Ce défilé permanent n’est pas anodin. Il produit une transformation subtile du débat public. La guerre cesse d’être une tragédie collective pour devenir une variable stratégique. Hier la pandémie, aujourd’hui la guerre permanente. Les crises changent, mais le mécanisme médiatique reste le même. Hier, le débat public était médicalisé. Aujourd’hui, il est militarisé. Par des anciens militaires, certes respectables, mais plus forcément dans le coup. Et automatiquement tentés de se référer à des guerres d’hier (la Première Guerre mondiale, la Seconde, voire même – je l’ai entendu de mes oreilles, la guerre du Péloponnèse !) pour expliquer celles d’aujourd’hui.

 

Dans les deux cas (épidémiologistes, généraux), une poignée d’experts omniprésents structure le récit collectif, souvent dans l’urgence et avec peu de contradiction. Et pendant que les plateaux débattent d’équilibres de puissance et de frappes chirurgicales, une question beaucoup plus simple reste rarement posée : qui a intérêt à ce que la guerre devienne un spectacle d’experts supposés ou auto-proclamés ?

 

 

 

 

lundi 9 mars 2026

Le renseignement russe à l’appui de la République islamiste d’Iran


L’information publiée dans la plupart des quotidiens français et occidentaux est parueaujourd’hui : depuis les débuts de l’offensive israélo-américaine, l’armée de Poutine, grâce à ses moyens de repérage satellitaire, signalerait à Téhéran le positionnement des avions et navires américains au Proche et au Moyen-Orient.
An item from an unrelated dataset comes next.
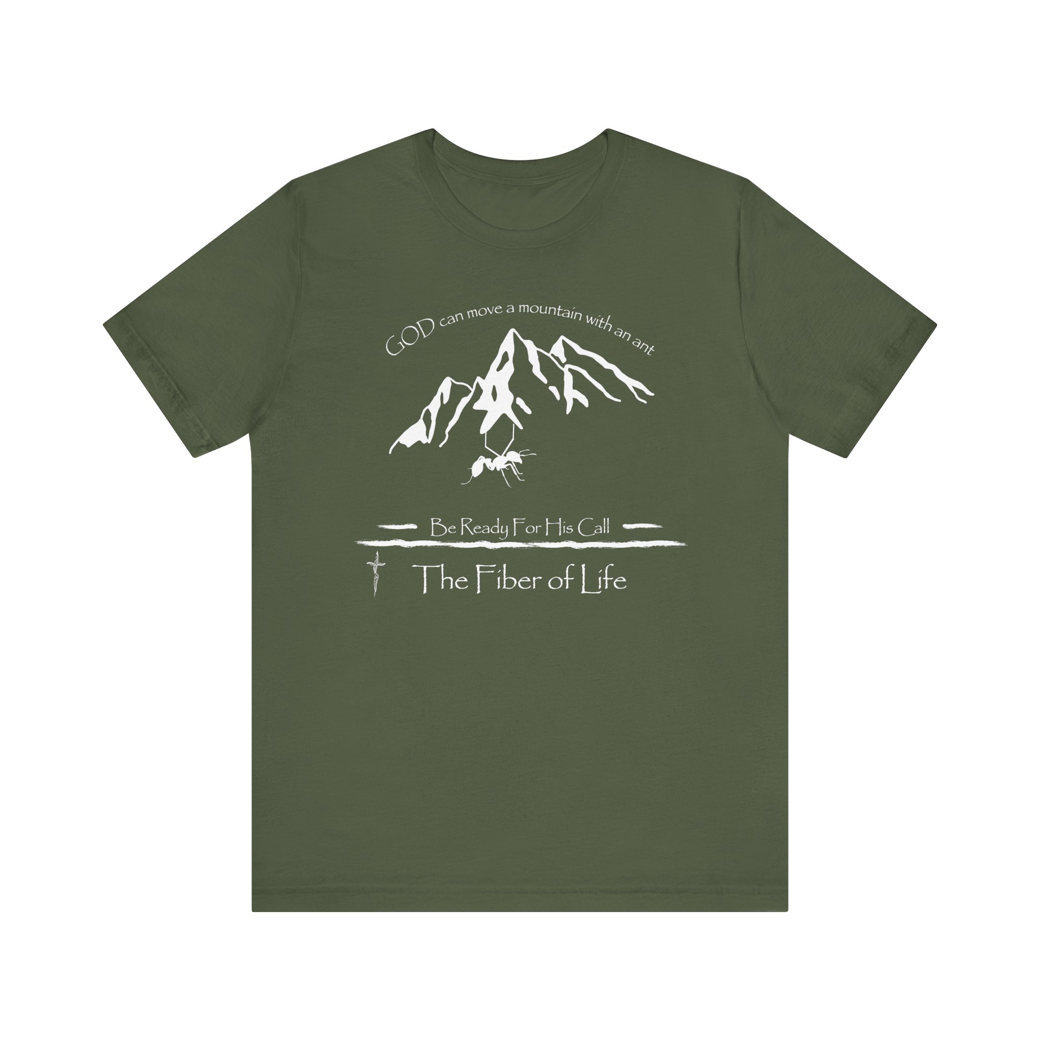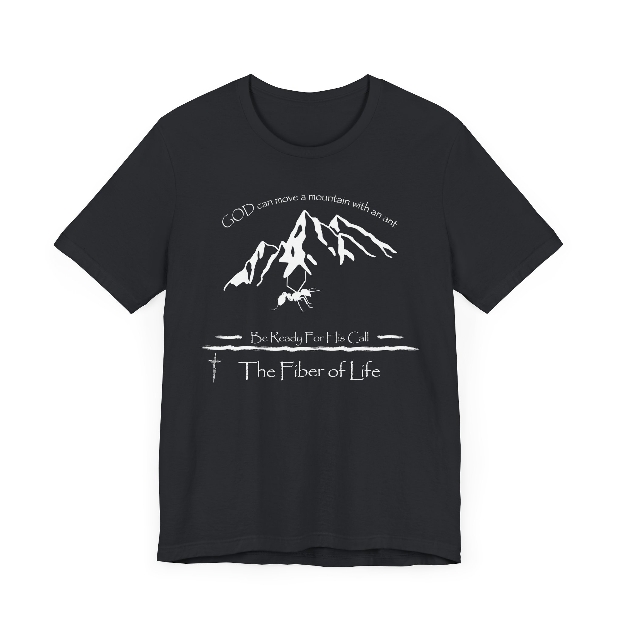 A unique Tee featuring an image of an ant holding a mountain, with a message about faith and readiness for divine calls. This Tee gives off a motivational and inspirational vibe, making it a perfect addition to the wardrobe of those seeking spiritual encouragement. Ideal for individuals celebrating religious holidays or looking for a reminder of faith in their everyday life.
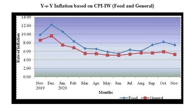 Year-on-year inflation based on all-items stood at 5.27 per cent for November, 2020 as compared to 5.91 per cent for the previous month and 8.61 per cent during the corresponding month of the previous year. Similarly, Food inflation stood at 7.48 per cent against 8.21 per cent of the previous month and 9.87 per cent during the corresponding month a year ago.

Rien d’étonnant à cela, ne sait-on pas que depuis l’invasion russe de l’Ukraine en février 2022 fonctionne entre la Russie et l’Iran une étroite collaboration militaire ?

Jusqu’à ce que la Russie se dote ces derniers temps de ses propres moyens de fabrication de drones, l’Iran n’a cessé de la fournir massivement en engins Shahed à des fins d’utilisation contre l’Ukraine. Ainsi, même s’il ne s’agit pas d’une alliance militaire explicitement signée, a été constitué ou reconstitué au long des dernières années ce que le président Reagan appelait jadis un « axe du mal ».

Ce dernier est aujourd’hui formé par la Russie de Poutine, la Chine de Xi, la Corée du Nord de Kim Jong Un et désormais l’Iran de Khamenei fils. À cela s’ajoutait la Syrie de Bachar el Assad passée sous le contrôle de l’islamisme sunnite d’Ahmed al Sharaa et autres « proxis » de l’Iran, en premier le Hezbollah au Liban et les Houthis au Yémen.

Mais ne voilà-t-il pas qu’à l’inverse de ce qu’il en était jusqu’ici où l’Iran fournissait la Russie de ses drones, ce sont maintenant les États-Unis qui ont sollicité l’aide de l’armée ukrainienne, remarquablement efficace dans la production de drones !

Or, la protection contre les drones est le point faible de la défense anti-aérienne israélo-américaine et des autres armées alliées dans le Golfe. Espérons que cela renforcera au moins la considération pour l’Ukraine dans la conception trumpiste des conflits en cours.

PS : Je serai bien sûr ce vendredi à 14 h aux obsèques de Marie-Christine Boutonnet, épouse Danet, en la cathédrale d’Albi. Marie-Christine fut pendant de longues années à mes côtés dans le Tarn et en Midi-Pyrénées une militante acharnée et fidèle du Front National. Elle fut élue conseiller régional de Midi-Pyrénées et ensuite député européen du Rassemblement National. Nous la garderons dans notre mémoire et nos prières.